Wajah Zaid seketika berubah. Dari lembut jadi tegang. Rahangnya mengeras. Matanya tajam.
"Tunggu di sana! Bertahan! Aku ke sana sekarang!"
Zaid mematikan telepon. Ia menatap Khadijah dengan pandangan meminta maaf. Tapi juga tegas. "Aku harus pergi. Sekarang. Ada masalah dengan teman-temanku."
"Tapi kita harus pulang," Khadijah tampak cemas. "Umi menunggu untuk makan siang. Tadi pagi Umi bilang mau masak kebuli lagi."
"Nggak bisa! Mereka dalam bahaya, Khadijah!" Zaid memutar balik mobilnya dengan kecepatan tinggi. Setir diputar kasar. "Aku akan menurunkanmu di depan swalayan dekat sini. Kamu naik taksi online ke rumah. Bilang pada Umi aku ada urusan mendadak di kampus. Urusan organisasi. Tolong, Khadijah! Tutupi aku!"
Khadijah melihat ada gurat kecemasan yang tulus di wajah Zaid. Bukan cemas karena dirinya. Tapi cemas untuk sahabat-sahabatnya.
Meski ia tidak menyukai dunia geng motor suaminya. Meski ia benci kekerasan. Ia tahu satu hal tentang Zaid: Zaid adalah orang yang sangat setia kawan. Setia sampai mati.
"Hati-hati, Zaid," ujar Khadijah saat mobil berhenti mendadak di depan swalayan. "Jangan terluka. Jangan berkelahi. Saya akan berdoa untuk keselamatan kalian. Semua."
Zaid sempat tertegun. Kata 'doa' itu.
Ia menatap Khadijah sejenak. Lama. Seolah ingin mengatakan sesuatu. Tapi akhirnya ia hanya mengangguk singkat. "Masuklah ke rumah dengan aman. Chat aku kalau sudah sampai."

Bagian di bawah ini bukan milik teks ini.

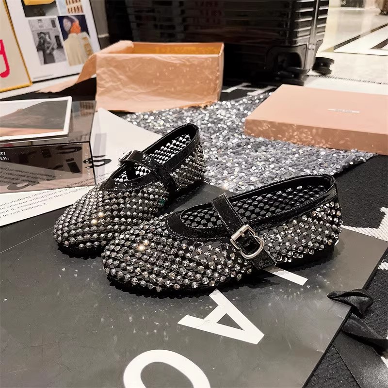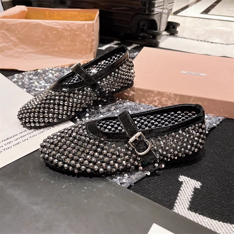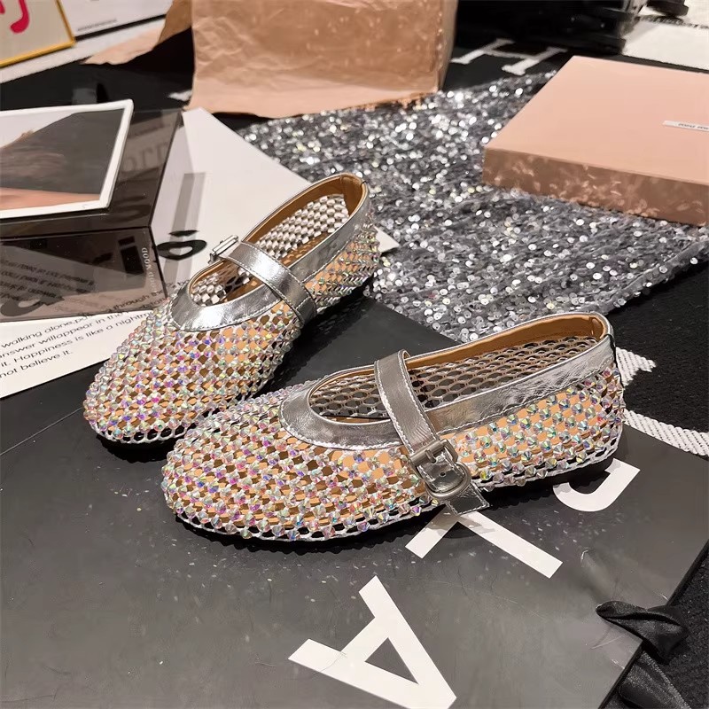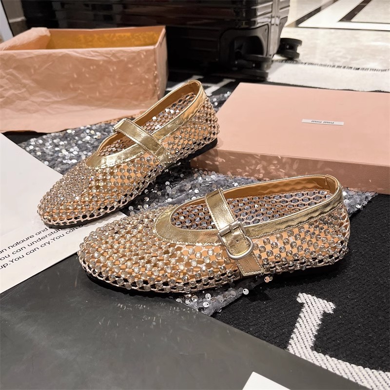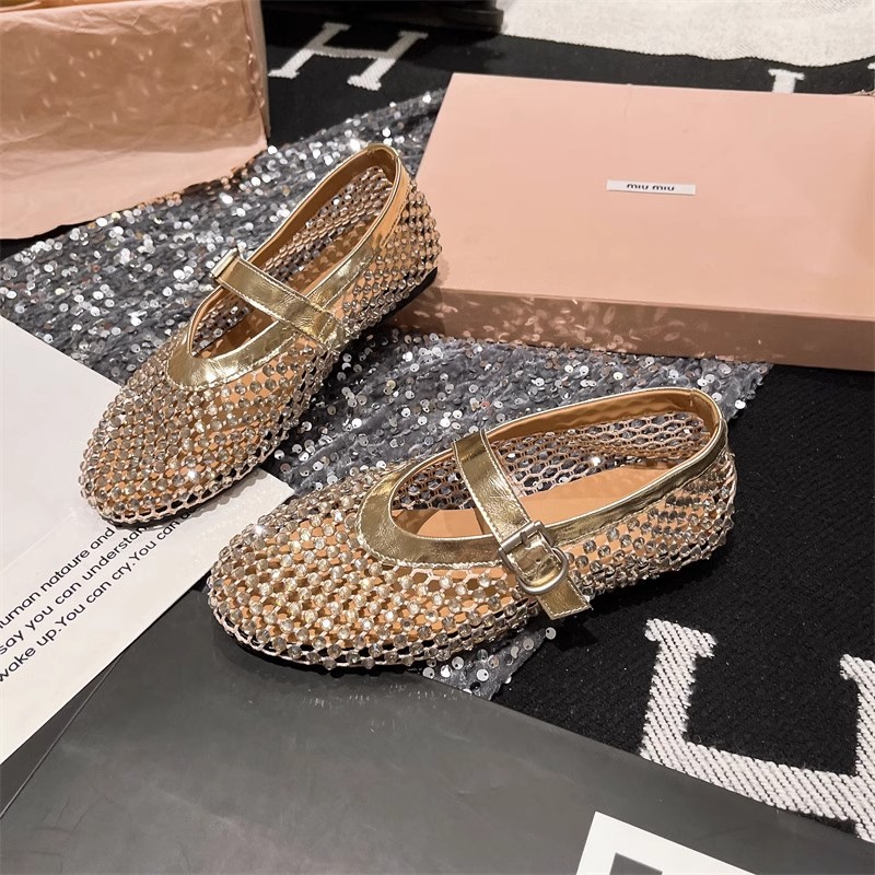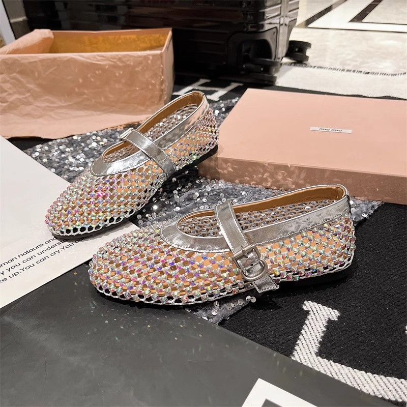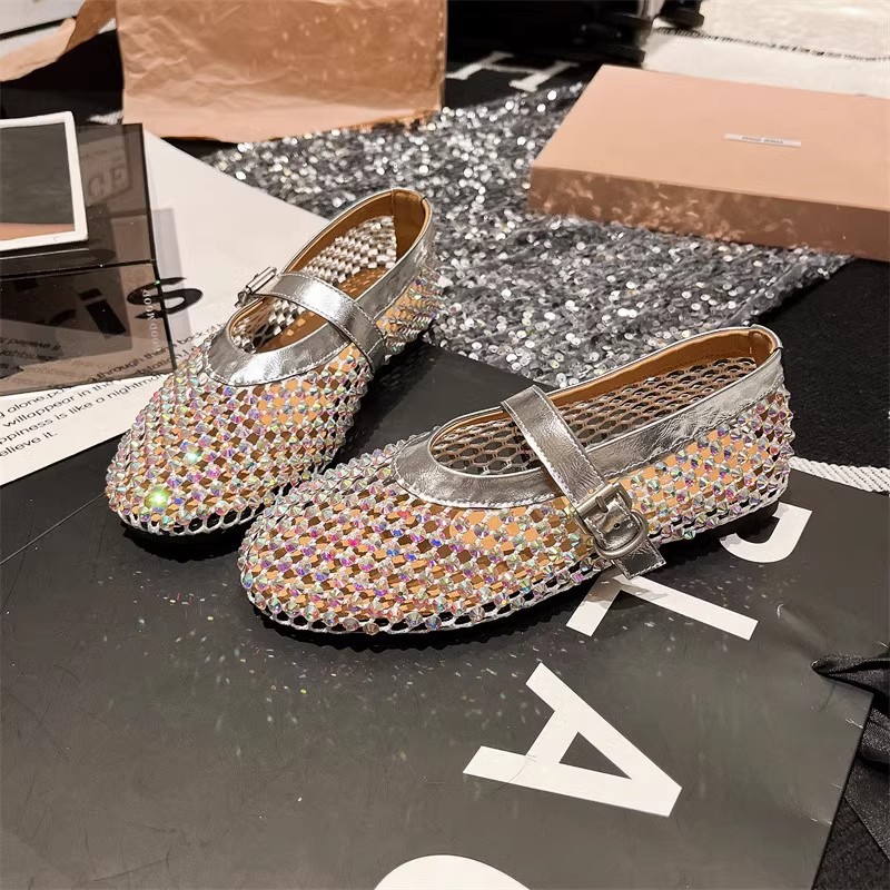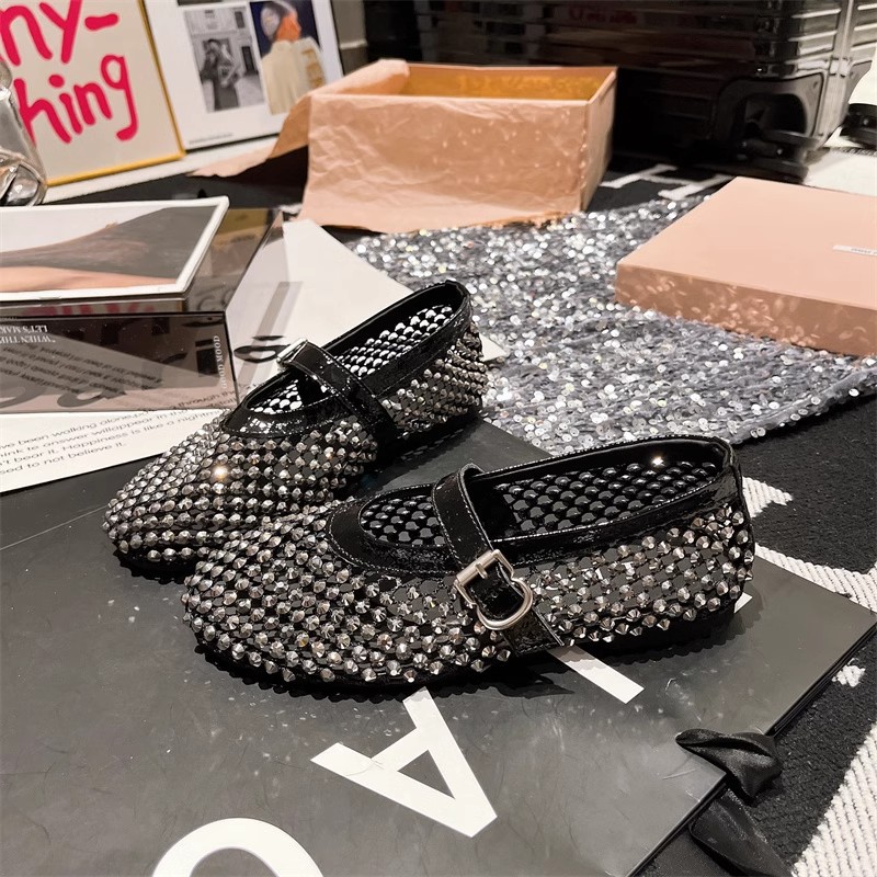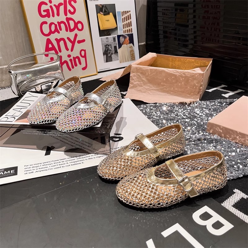라인스톤 원라인 메리제인 중공 메쉬 높이 4CM 발레 슈즈 망사 슈즈 여성용 로퍼

Mobil melesat pergi. Meninggalkan debu dan suara ban yang berdecit.
Khadijah berdiri di pinggir jalan. Panas. Menggenggam tasnya erat-erat.
Di dalam hatinya, ia menyelipkan satu doa khusus untuk suaminya yang keras kepala itu: _Ya Allah... jagalah suamiku dari keburukan yang ia datangi sendiri. Jagalah tangannya agar tidak memukul. Jagalah hatinya agar Engkau beri petunjuk._
Zaid memacu mobilnya menuju area konflik. Kecepatan 120.
Di kepalanya, ia hanya memikirkan dua hal: keselamatan sahabatnya yang sedang dikepung, dan tatapan mata Khadijah yang baru saja memberinya sebuah ketenangan aneh di tengah badai yang akan ia hadapi.
Untuk pertama kalinya, ia berangkat tawuran... sambil membawa doa seorang istri di punggungnya.